The Percidae are a family of ray-finned fish, part of the order Perciformes, which are found in fresh and brackish waters of the Northern Hemisphere. The majority are Nearctic, but there are also Palearctic species. The family contains nearly 250 species in 12 genera. The perches and their relatives are in this family; well-known species include the walleye, sauger, ruffe, and three species of perch. However, small fish known as darters are also a part of this family.

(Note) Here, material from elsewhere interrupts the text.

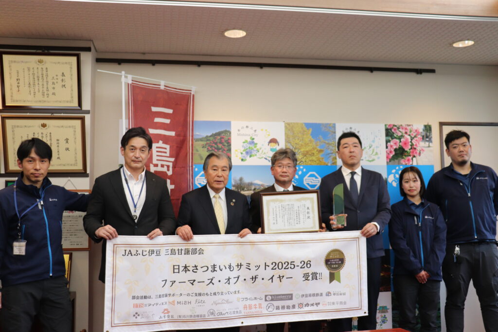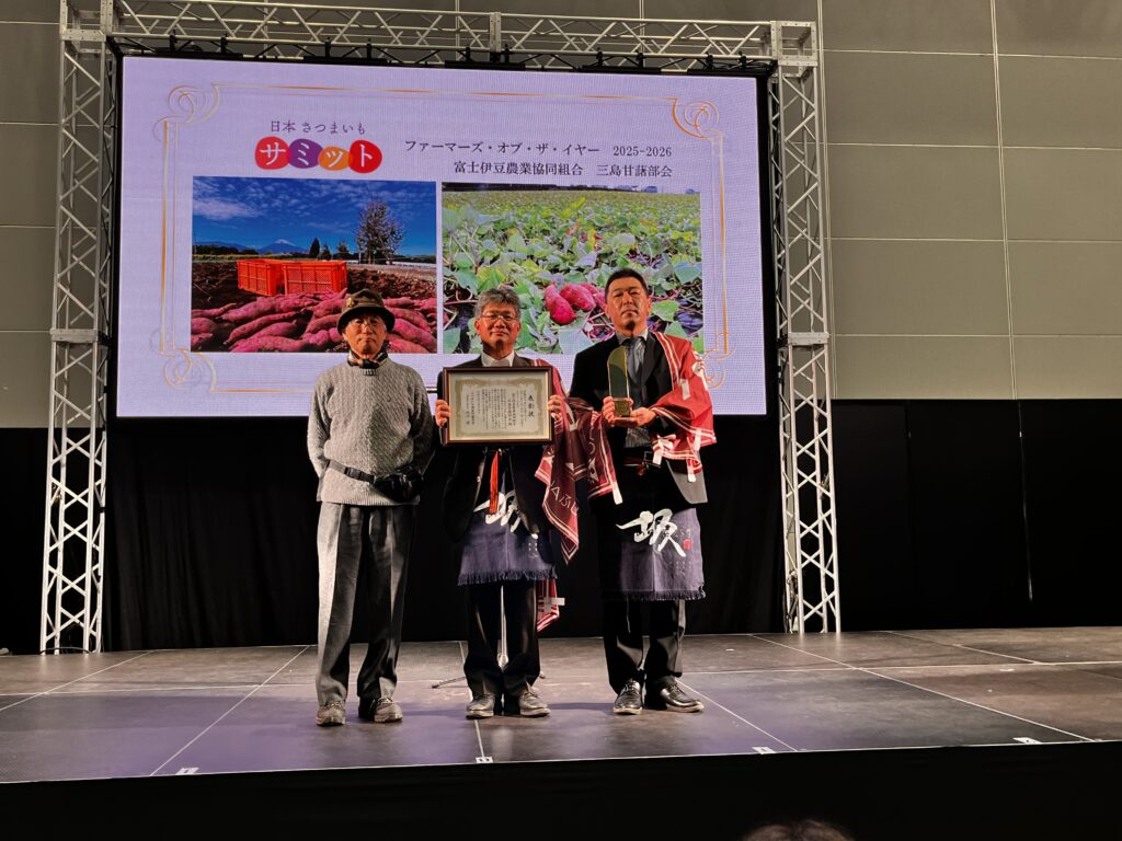三島甘藷部会が、「日本さつまいもサミット2025-2026」で、ファーマーズ・オブ・ザ・イヤーを受賞しました。このサミットは、全国の優れたサツマイモ生産者やブランド芋を表彰するもので、100以上の団体の中から受賞が決定しました。甘藷サポーター事業などの地域を巻き込んだ産地振興への取り組みが高く評価されました。

Despite the widespread and speciose nature of this family, the vast majority of its species diversity is within the darters, which are restricted to eastern North America, and the majority of which have small ranges. Excluding the darters, this family contains only 20 species. In Europe, percids were likely a more ecologically dominant group in the past than now, with the immigration of cyprinids to Europe during the Miocene causing a decline in their importance.

==Characteristics==
The family is characterised by having the dorsal fin split into two which are normally separated or have a narrow connection, although this is wider in the genus Zingel, the front section contains the spines and the rear section contains the soft rays. The anal fin contains 1 or 2 spines, if there is a second spine it is typically weak. The pelvic fins are placed on the thorax and have a single spine and 5 soft rays. They also have skeletal synapomorphies. The maximum size attained is 100 cm in the zander (Sander lucioperca) but most of the species in the family are much smaller. Their scales are ctenoid and their bodies are normally somewhat elongate.

==Systematics==
The following classification is based on Eschmeyer's Catalog of Fishes (2025):

- Subfamily Percinae Rafinesque, 1815
  - Genus Gymnocephalus Bloch, 1793
  - Genus Perca Linnaeus, 1758
  - Genus Percarina Nordmann, 1840
- Subfamily Luciopercinae Jordan & Evermann, 1896
  - Tribe Luciopercini Jordan & Evermann 1896
    - Genus Sander Oken, 1817
    - Genus †Leobergia Schtylko, 1934 (Neogene of eastern Europe)
  - Tribe Romanichthyini Dumitrescu, Bănărescu & Stoica 1957
    - Genus Romanichthys Dumitrescu, Bănărescu & Stoica 1957
    - Genus Zingel Cloquet, 1817
- Subfamily Etheostomatinae Agassiz, 1850
  - Genus Ammocrypta Jordan, 1877
  - Genus Etheostoma Rafinesque, 1817
  - Genus Nothonotus Putnam, 1863
  - Genus Percina Haldeman, 1842
Under a former treatment by the 5th Edition of Fishes of the World, Gymnocephalus was placed in its own subfamily, Acerinae, as was Percarina in Percarininae.

Although the family likely underwent an evolutionary radiation during the Paleogene, the earliest definitive fossil remains of percids are of modern Sander from the Middle Miocene of Canada. †Vixperca Peña Zarzuelo, 1991 from the Middle Eocene of Spain has been suggested to be the earliest known percid, but its remains are fragmentary and show closer similarities to lates perches than to true perches.